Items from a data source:
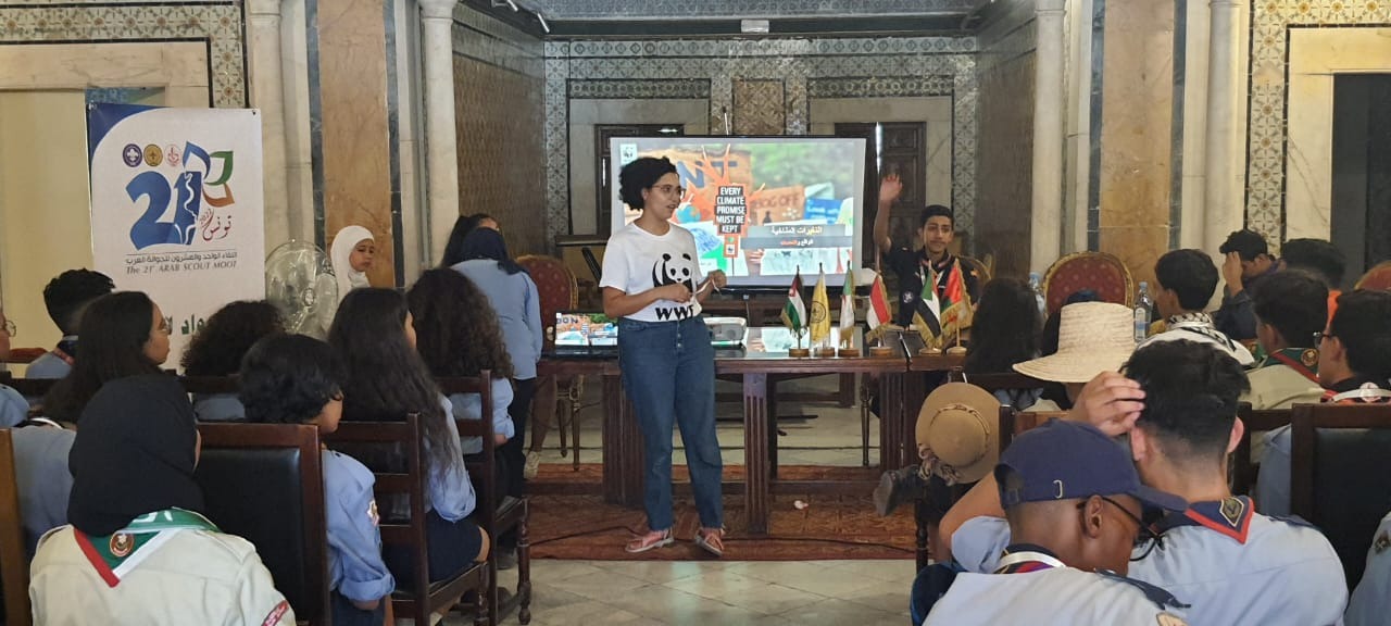 وتضمن حفل افتتاح الندوة الخطابي التي سيكون موضوعها “التغييرات المناخية وقيادة الأعمال المجتمعية” جلسة تعريفية بالندوة، ثم ألقيت عددا من الكلمات تناوب على إلقائها قائد اللقاء منتصر بن مبروك، ونائب مُدير الإقليم الكشفي العربي رفعت السباعي، ومُدير البرامج بالمكتب الكشفي العربي نسيم ضناوي، ورئيس لجنة المستشارين الشباب أحمد الكمياني .
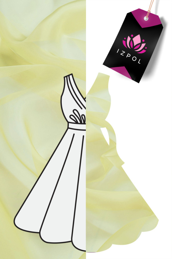 Itališkas 100% šilko organzos audinys pastelinės geltonos spalvos. Natūralaus šilko organza yra plonas, skaidrus, bet standus audinys, pasižymintis subtiliu blizgesiu, būdingu šilko audiniams. Puikiai tinka siūti suknelę, palaidinę, marškinius, sijoną.
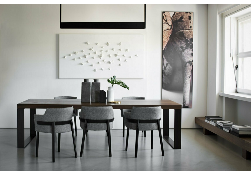 Pince conçu par Lucidi Pevere pour Gebrüder Thonet Vienna est un fauteuil avec structure monocoque, insert en acier et rembourrage en polyuréthane souple expansé à froid, revêtement en tissu ou en cuir. Pieds et dossier en frêne courbé disponible en différentes finitions.
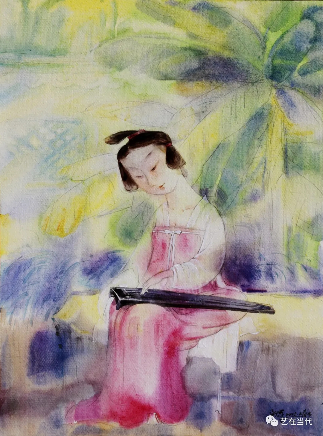 支撐起這種圖景背后的是一種極致浪漫的表達(dá)方式。隨性的線條自然的附著于物體的邊界,大面積的背景是寥寥幾筆的暈染,逸筆草草間便可感受到畫中人物和創(chuàng)作者的情緒。在色彩與水離子的碰撞之下觀看者看到的是詩(shī)情畫意的夢(mèng)境,甚至讓人恨不得立馬去翻看卷首的題跋尋找配詩(shī)。可以說(shuō)這個(gè)系列中水墨化的情緒表達(dá)是創(chuàng)作者對(duì)水彩顏料一次成熟的材料實(shí)驗(yàn)。將某種創(chuàng)作情緒更加感性的帶入每一次“潑墨”之中,使得作品更像是文人水墨的呈現(xiàn)而非西洋水彩。蔡永輝教授對(duì)水彩與水墨二者間媒介共性的理解,使這種結(jié)合具備了合理成形的現(xiàn)實(shí)可能性。
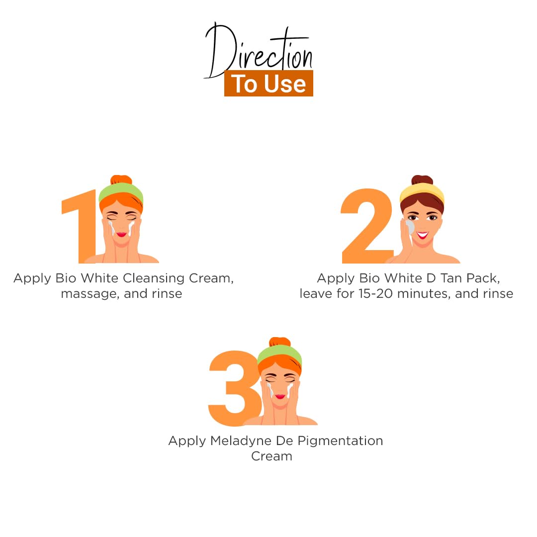 Unlock the magic of flawless skin with our De Tan combo featuring Bio White Cleansing Cream Bio White D Tan Pack and Meladyne De Pigmentation Cream. Begin your journey to luminosity with the Bio White Cleansing Cream gently lifting impurities while brightening your complexion. Then indulge in the Bio White D Tan Pack specially formulated to banish tan lines and reveal a radiant glow. Finish with our Meladyne De Pigmentation Cream designed to minimize pigmentation and uneven skin tone leaving you with a smooth even complexion. Embrace the magic of radiant skin with this transformative trio."
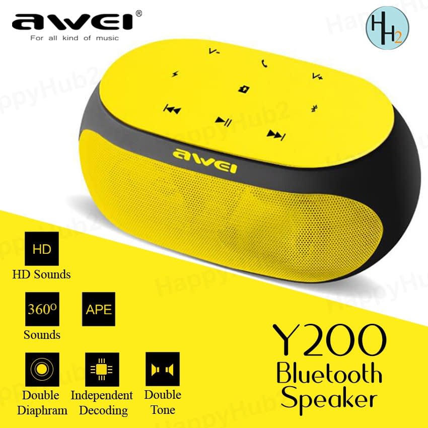 Carry your music anywhere with Awei Y200 speaker. Loud sound with minimum distortion.?It supports connection to music devices via Bluetooth, Micro SD Card (TF), and AUX 3.5 mm.
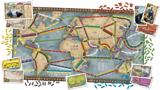 Le jeu conserve l’accessibilité et la fluidité de la série tout en ajoutant de nouveaux choix : cartes train et bateau, construction de ports et billets à forts enjeux demandant de relier plus de deux villes. Chaque partie offre ainsi de nouvelles tactiques et une grande rejouabilité.
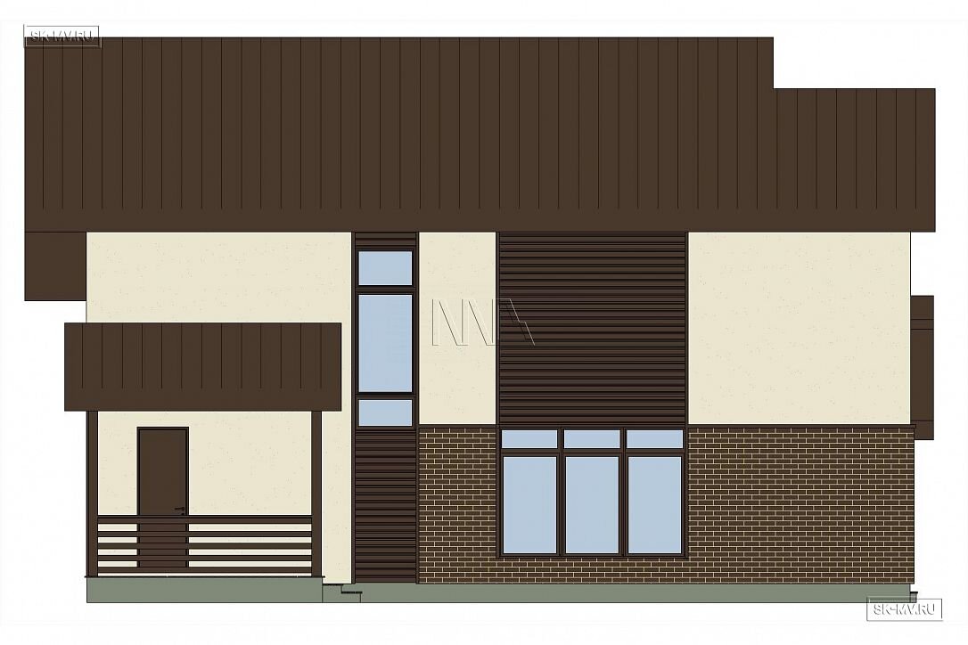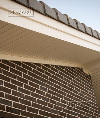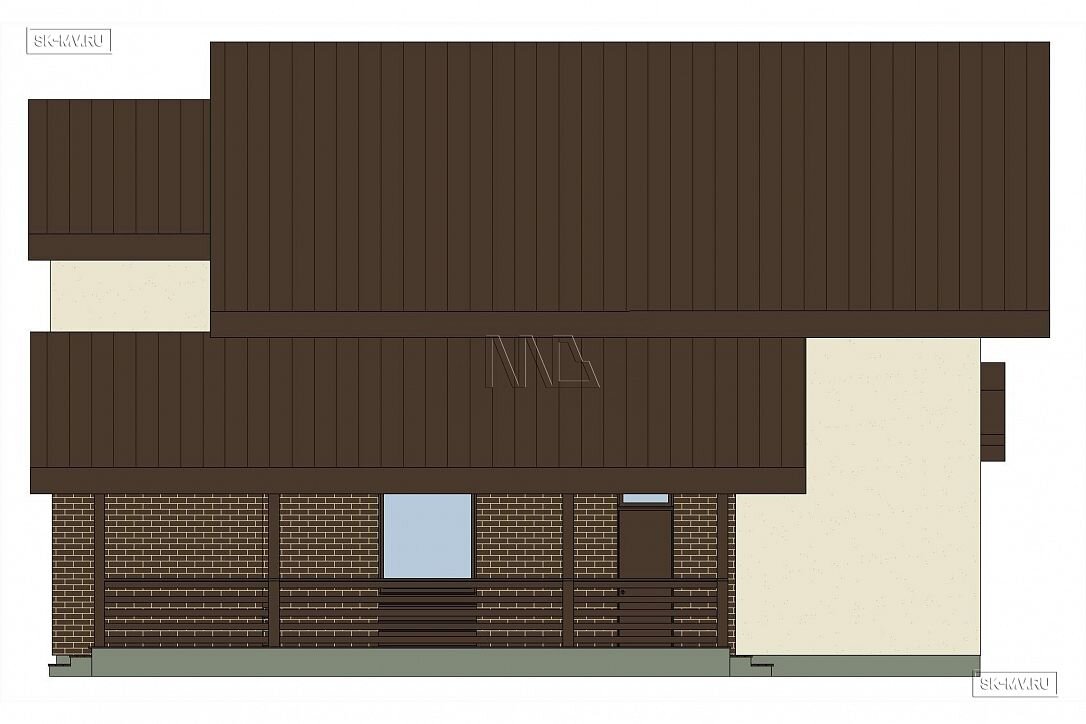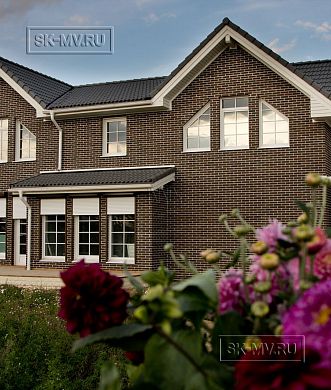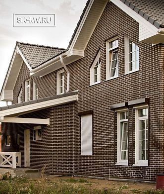 Отделочные материалы фасада подобраны в безупречной гармонии: бежевая штукатурка, рифленый кирпич коричневого цвета с расшивкой швов и вставки коричневой горизонтальной отделочной доски, которые не просто заполняют межоконное пространство, но и создают дизайнерскую имитацию оконного проема.
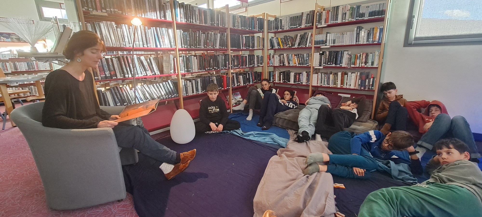 Dans ce cadre, les élèves de la 6° à la 4° se sont rendus à la Médiathèque de Vic sur Cère où des lectures leur ont été offertes dans une ambiance nocturne...
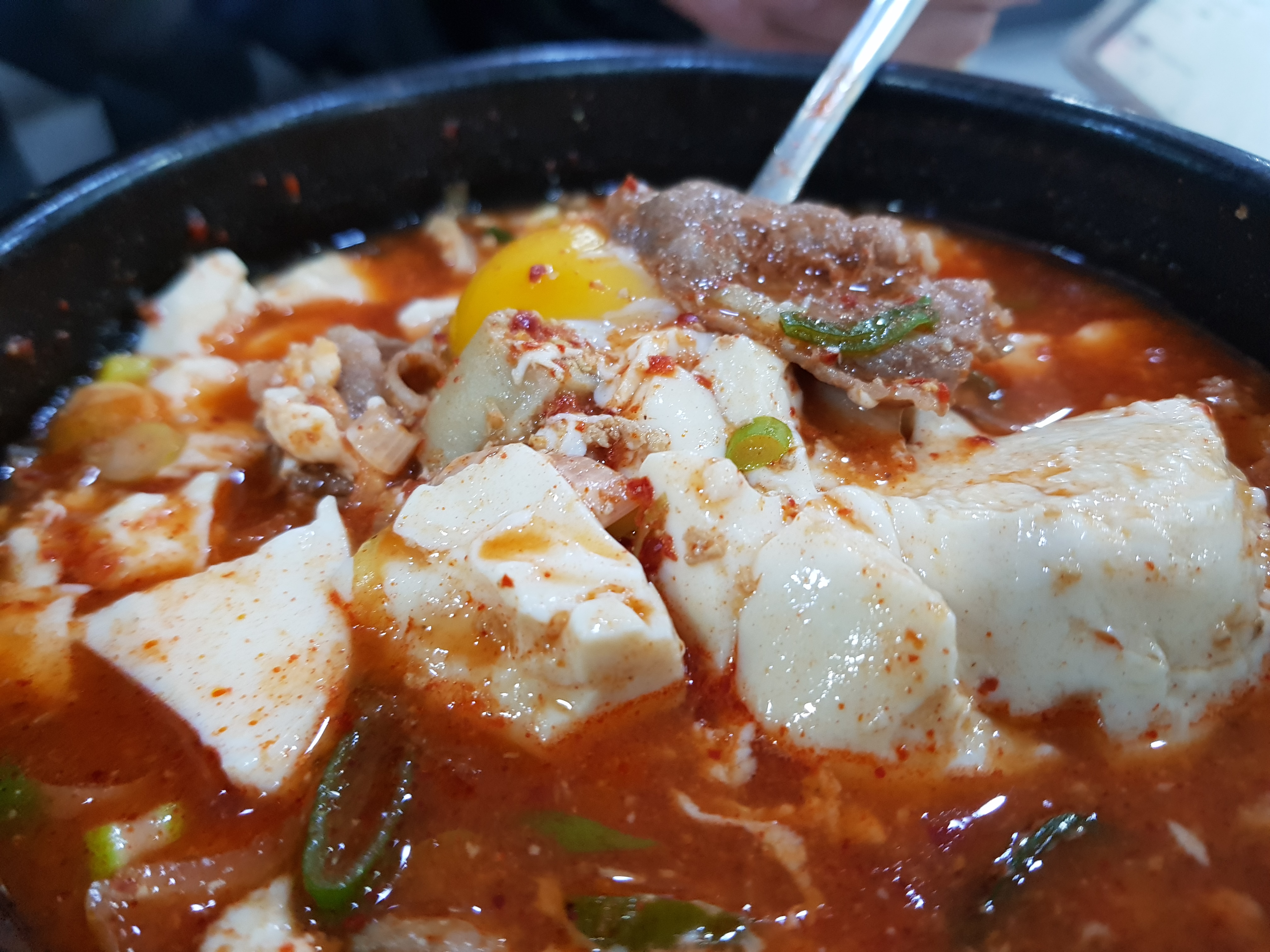 순두부에 날달걀을 넣어 드시기도 하고 그냥 드시기도 합니다. 전 달걀을 넣으니 매콤한 맛과 간이 센것도 조금 완화해 줘서 괞찮았습니다.
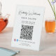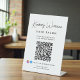 Chic custom pedestal Tischschild für Ihr Unternehmen mit Ihrem Namen in einer stilvollen Signatur-Script-Monogramm und Geschäftstyp unten in einfacher moderner Typografie. Geben Sie Ihre Website-Adresse ein, um einen QR-Code zu erstellen, den Kunden und Kunden nach Terminen, Produkten, Dienstleistungen, Stunden usw. durchsuchen können. Fügen Sie Ihre instagram und facebook Benutzer-ID für Kunden, um Ihnen auf Social Media folgen. Passen Sie die Größe des Schriftartes gegebenenfalls im Entwurfswerkzeug an.

■ TASK REQUIREMENTS ■
The output has to match the data above line for line, except that pictures are dropped.

■ TASK RESULT ■
 وتضمن حفل افتتاح الندوة الخطابي التي سيكون موضوعها “التغييرات المناخية وقيادة الأعمال المجتمعية” جلسة تعريفية بالندوة، ثم ألقيت عددا من الكلمات تناوب على إلقائها قائد اللقاء منتصر بن مبروك، ونائب مُدير الإقليم الكشفي العربي رفعت السباعي، ومُدير البرامج بالمكتب الكشفي العربي نسيم ضناوي، ورئيس لجنة المستشارين الشباب أحمد الكمياني .
 Itališkas 100% šilko organzos audinys pastelinės geltonos spalvos. Natūralaus šilko organza yra plonas, skaidrus, bet standus audinys, pasižymintis subtiliu blizgesiu, būdingu šilko audiniams. Puikiai tinka siūti suknelę, palaidinę, marškinius, sijoną.
 Pince conçu par Lucidi Pevere pour Gebrüder Thonet Vienna est un fauteuil avec structure monocoque, insert en acier et rembourrage en polyuréthane souple expansé à froid, revêtement en tissu ou en cuir. Pieds et dossier en frêne courbé disponible en différentes finitions.
 支撐起這種圖景背后的是一種極致浪漫的表達(dá)方式。隨性的線條自然的附著于物體的邊界,大面積的背景是寥寥幾筆的暈染,逸筆草草間便可感受到畫中人物和創(chuàng)作者的情緒。在色彩與水離子的碰撞之下觀看者看到的是詩(shī)情畫意的夢(mèng)境,甚至讓人恨不得立馬去翻看卷首的題跋尋找配詩(shī)。可以說(shuō)這個(gè)系列中水墨化的情緒表達(dá)是創(chuàng)作者對(duì)水彩顏料一次成熟的材料實(shí)驗(yàn)。將某種創(chuàng)作情緒更加感性的帶入每一次“潑墨”之中,使得作品更像是文人水墨的呈現(xiàn)而非西洋水彩。蔡永輝教授對(duì)水彩與水墨二者間媒介共性的理解,使這種結(jié)合具備了合理成形的現(xiàn)實(shí)可能性。
 Unlock the magic of flawless skin with our De Tan combo featuring Bio White Cleansing Cream Bio White D Tan Pack and Meladyne De Pigmentation Cream. Begin your journey to luminosity with the Bio White Cleansing Cream gently lifting impurities while brightening your complexion. Then indulge in the Bio White D Tan Pack specially formulated to banish tan lines and reveal a radiant glow. Finish with our Meladyne De Pigmentation Cream designed to minimize pigmentation and uneven skin tone leaving you with a smooth even complexion. Embrace the magic of radiant skin with this transformative trio."
 Carry your music anywhere with Awei Y200 speaker. Loud sound with minimum distortion.?It supports connection to music devices via Bluetooth, Micro SD Card (TF), and AUX 3.5 mm.
 Le jeu conserve l’accessibilité et la fluidité de la série tout en ajoutant de nouveaux choix : cartes train et bateau, construction de ports et billets à forts enjeux demandant de relier plus de deux villes. Chaque partie offre ainsi de nouvelles tactiques et une grande rejouabilité.
 Отделочные материалы фасада подобраны в безупречной гармонии: бежевая штукатурка, рифленый кирпич коричневого цвета с расшивкой швов и вставки коричневой горизонтальной отделочной доски, которые не просто заполняют межоконное пространство, но и создают дизайнерскую имитацию оконного проема.
 Dans ce cadre, les élèves de la 6° à la 4° se sont rendus à la Médiathèque de Vic sur Cère où des lectures leur ont été offertes dans une ambiance nocturne...
 순두부에 날달걀을 넣어 드시기도 하고 그냥 드시기도 합니다. 전 달걀을 넣으니 매콤한 맛과 간이 센것도 조금 완화해 줘서 괞찮았습니다.
 Chic custom pedestal Tischschild für Ihr Unternehmen mit Ihrem Namen in einer stilvollen Signatur-Script-Monogramm und Geschäftstyp unten in einfacher moderner Typografie. Geben Sie Ihre Website-Adresse ein, um einen QR-Code zu erstellen, den Kunden und Kunden nach Terminen, Produkten, Dienstleistungen, Stunden usw. durchsuchen können. Fügen Sie Ihre instagram und facebook Benutzer-ID für Kunden, um Ihnen auf Social Media folgen. Passen Sie die Größe des Schriftartes gegebenenfalls im Entwurfswerkzeug an.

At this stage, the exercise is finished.